── Given data
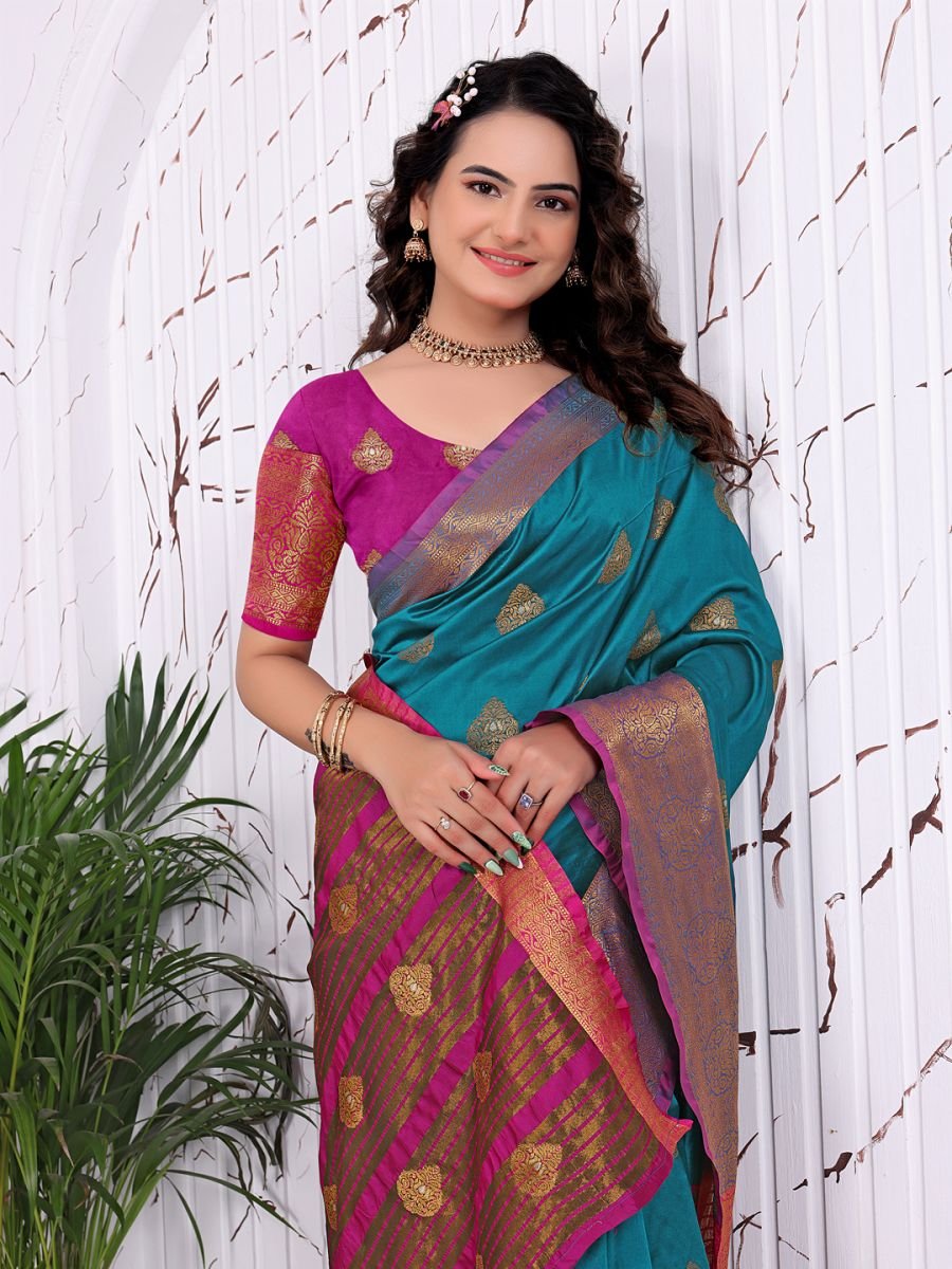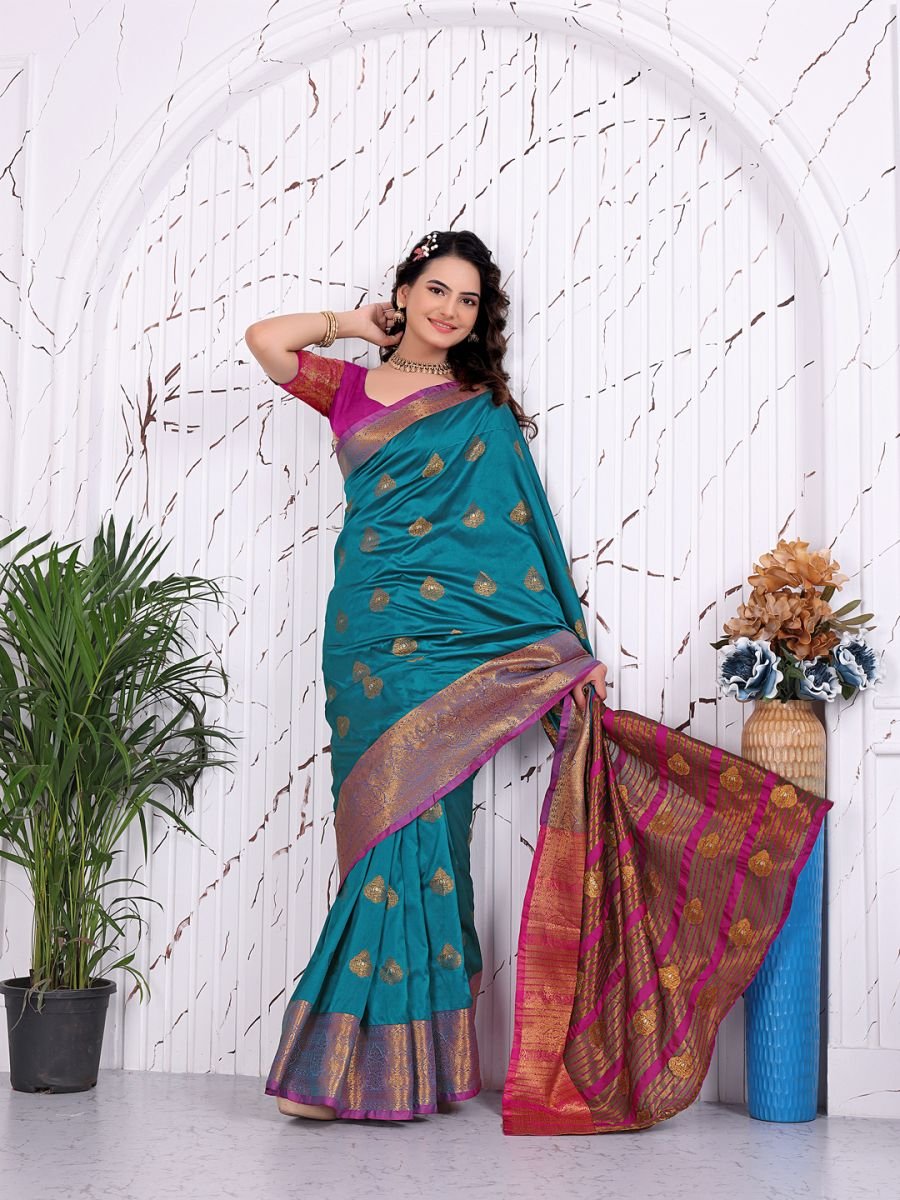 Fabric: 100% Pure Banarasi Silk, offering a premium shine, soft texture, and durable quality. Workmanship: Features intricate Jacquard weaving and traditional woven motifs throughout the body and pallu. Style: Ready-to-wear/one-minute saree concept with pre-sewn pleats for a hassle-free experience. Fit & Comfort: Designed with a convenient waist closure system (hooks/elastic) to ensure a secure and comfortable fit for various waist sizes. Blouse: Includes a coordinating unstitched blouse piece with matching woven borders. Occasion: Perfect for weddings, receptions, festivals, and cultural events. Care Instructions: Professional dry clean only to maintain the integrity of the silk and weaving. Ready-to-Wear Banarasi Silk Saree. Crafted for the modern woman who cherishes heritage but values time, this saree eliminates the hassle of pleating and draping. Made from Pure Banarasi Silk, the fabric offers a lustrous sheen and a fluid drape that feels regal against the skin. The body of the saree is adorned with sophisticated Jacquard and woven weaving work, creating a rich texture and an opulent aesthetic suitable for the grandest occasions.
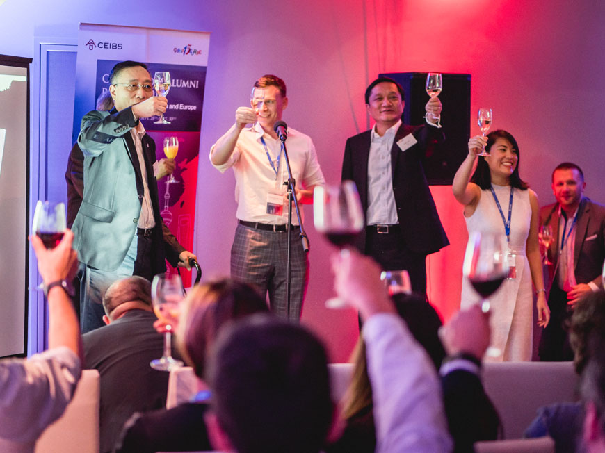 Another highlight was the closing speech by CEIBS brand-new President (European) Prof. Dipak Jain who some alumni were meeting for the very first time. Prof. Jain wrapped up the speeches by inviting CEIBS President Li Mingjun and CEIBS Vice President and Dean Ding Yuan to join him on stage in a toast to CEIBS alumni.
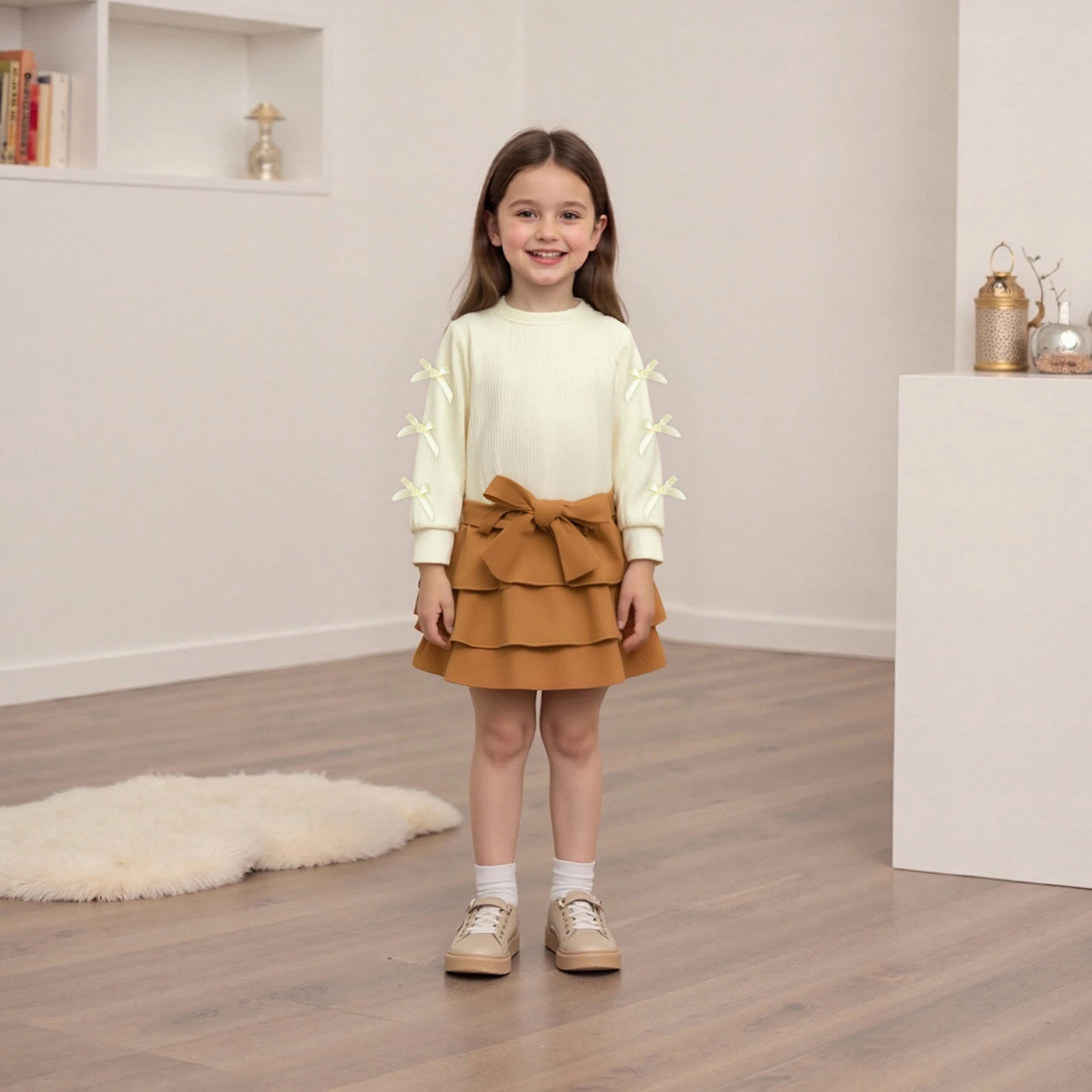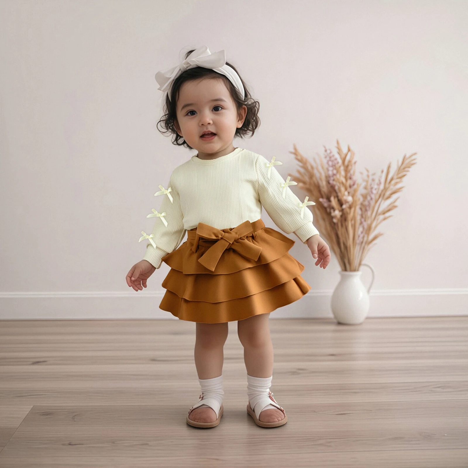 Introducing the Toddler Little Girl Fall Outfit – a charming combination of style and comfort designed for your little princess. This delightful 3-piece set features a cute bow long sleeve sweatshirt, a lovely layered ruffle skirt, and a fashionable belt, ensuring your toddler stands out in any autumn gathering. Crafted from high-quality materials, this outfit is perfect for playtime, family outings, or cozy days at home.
────
### Problem description
Excluding the images, copy all of the material above verbatim.

### Answer for this exercise
 Fabric: 100% Pure Banarasi Silk, offering a premium shine, soft texture, and durable quality. Workmanship: Features intricate Jacquard weaving and traditional woven motifs throughout the body and pallu. Style: Ready-to-wear/one-minute saree concept with pre-sewn pleats for a hassle-free experience. Fit & Comfort: Designed with a convenient waist closure system (hooks/elastic) to ensure a secure and comfortable fit for various waist sizes. Blouse: Includes a coordinating unstitched blouse piece with matching woven borders. Occasion: Perfect for weddings, receptions, festivals, and cultural events. Care Instructions: Professional dry clean only to maintain the integrity of the silk and weaving. Ready-to-Wear Banarasi Silk Saree. Crafted for the modern woman who cherishes heritage but values time, this saree eliminates the hassle of pleating and draping. Made from Pure Banarasi Silk, the fabric offers a lustrous sheen and a fluid drape that feels regal against the skin. The body of the saree is adorned with sophisticated Jacquard and woven weaving work, creating a rich texture and an opulent aesthetic suitable for the grandest occasions.
 Another highlight was the closing speech by CEIBS brand-new President (European) Prof. Dipak Jain who some alumni were meeting for the very first time. Prof. Jain wrapped up the speeches by inviting CEIBS President Li Mingjun and CEIBS Vice President and Dean Ding Yuan to join him on stage in a toast to CEIBS alumni.
 Introducing the Toddler Little Girl Fall Outfit – a charming combination of style and comfort designed for your little princess. This delightful 3-piece set features a cute bow long sleeve sweatshirt, a lovely layered ruffle skirt, and a fashionable belt, ensuring your toddler stands out in any autumn gathering. Crafted from high-quality materials, this outfit is perfect for playtime, family outings, or cozy days at home.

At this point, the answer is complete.